Contradição em movimento
janeiro 2026 · Texto
Eu não sou feito de constância. Sou feito de encontros.
É no outro que me descubro — e também onde me perco. Minha identidade não nasce isolada; ela se molda no atrito, na troca, no espelhamento. As relações me atravessam, me ativam, me desorganizam. Quando algo se rompe ali, tudo em mim sente. Quando algo se alinha, ganho chão — ainda que temporário.
Existe em mim uma seriedade silenciosa, que não se traduz em disciplina contínua. Não sigo metas longas, não caminho em linha reta. Avanço por impulsos. Por fases. Por tensões internas que me puxam ora para o controle, ora para a ruptura. Planejar demais me paralisa. Estruturas rígidas me sufocam.
Minha mente observa, calcula, entende — mas não sustenta por muito tempo o mesmo foco. Há lampejos de lucidez, intuições certeiras, ideias que surgem com força e desaparecem com a mesma velocidade. Posso parecer firme num momento e, no seguinte, já estar em outro lugar interno.
Não é incoerência. É movimento. Por fora, contenção. Por dentro, combustão.
Carrego um conflito profundo entre manter e soltar. Entre preservar vínculos e fugir deles. Entre desejar intimidade e precisar de distância.

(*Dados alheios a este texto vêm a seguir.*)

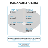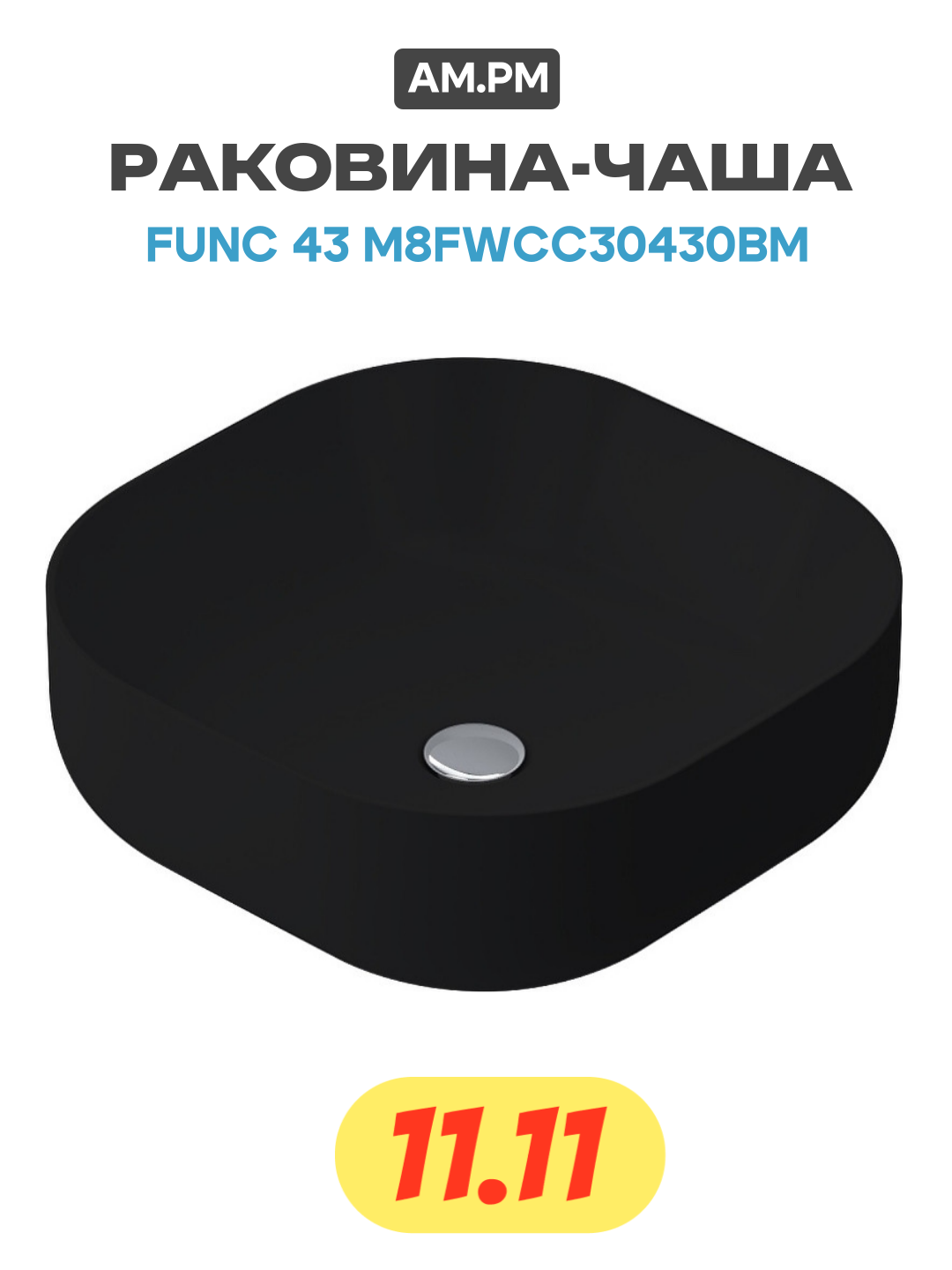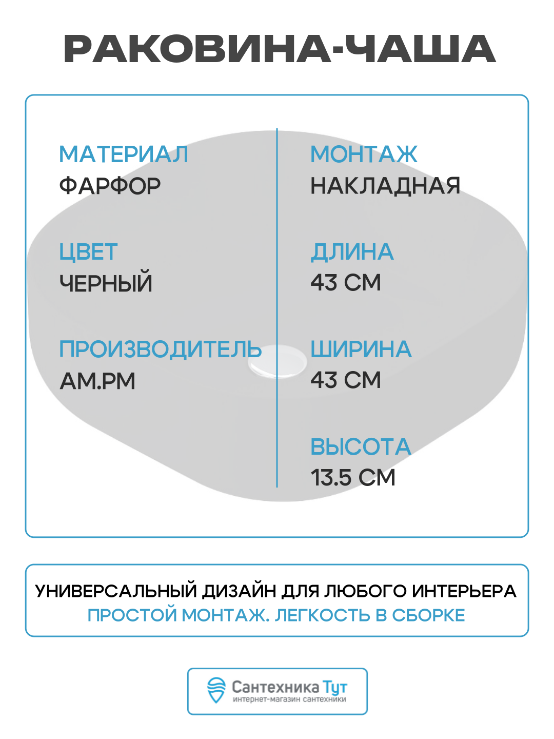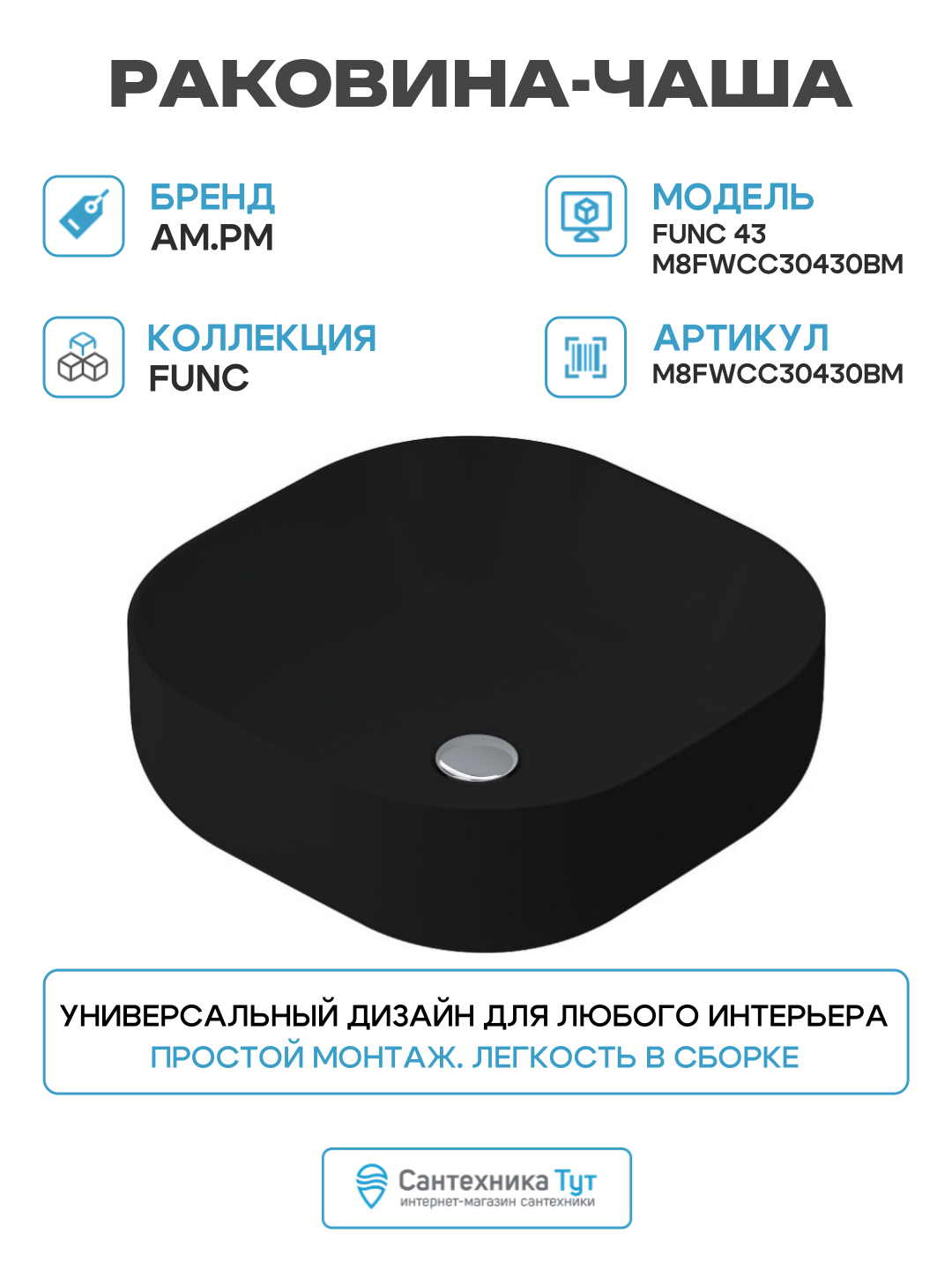 Раковина-чаша AM.PM Func 43 M8FWCC30430BM Черная матовая фарфор накладная 43 Германия: сравнение цен, характеристики, фото, актуальное наличие и цены.

Sinto muito — mesmo quando tento não sentir. A sensibilidade me antecede. Capto climas, emoções, expectativas que não são só minhas. Para não me perder nisso, crio defesas. Me fecho. Me recolho. O silêncio, às vezes, é sobrevivência. Outras vezes, é medo.
Minha emoção não é suave. É fogo. Reajo rápido. Me afirmo pelo gesto, pela ação, pelo impacto. Preciso sentir que existo no mundo, que deixo marca, que ocupo espaço. Tenho pressa. Tenho ímpeto. E, ao mesmo tempo, me vejo dividido entre avançar sozinho ou me ajustar ao outro.
No afeto, sou paradoxal. Quero profundidade, fusão, intensidade. Preciso de liberdade.
Amo com consciência. Posso parecer distante mas, na verdade, estou preservando espaço interno. A intimidade verdadeira só acontece quando há segurança emocional e respeito à individualidade.
Meu desejo não é simples. Ele passa pelo corpo, pela mente, pela fantasia. A troca intelectual me excita tanto quanto o toque. A conexão precisa ter tensão, novidade, possibilidade de transformação. O que se cristaliza rápido demais perde vida.
O passado não é neutro. Ele pulsa. Ele cobra. Ele chama para harmonizar o que nunca foi totalmente estável. Carrego feridas antigas, ligadas ao pertencimento. À casa emocional. À sensação de equilíbrio que nunca foi plena. Isso me fez observador, analítico, sensível às dores alheias.
Aprendi a cuidar, a ajustar, a harmonizar — mesmo sem saber cuidar de mim o tempo todo. A ferida virou lente. Também virou peso. Existe um aprendizado profundo em equilibrar raízes, vínculos e pertencimento — sem me anular, sem me perder.
Quando algo deixa de fazer sentido, preciso soltar. Mesmo que doa. Mesmo que pareça instável. Minha segurança não está na permanência, mas na capacidade de atravessar mudanças sem me perder completamente.
Aprendo vivendo. Errando. Reagindo. Voltando atrás. A fé não vem de planos — vem da experiência direta. Do corpo. Do encontro. Do impacto.
Sou contradição em movimento. Sou vínculo e fuga. Sou sensibilidade e defesa. Sou intensidade que busca equilíbrio, mas raramente repousa nele.
E sigo. Não para chegar a um lugar definitivo — mas para continuar me reconhecendo, a cada espelho que a vida coloca diante de mim.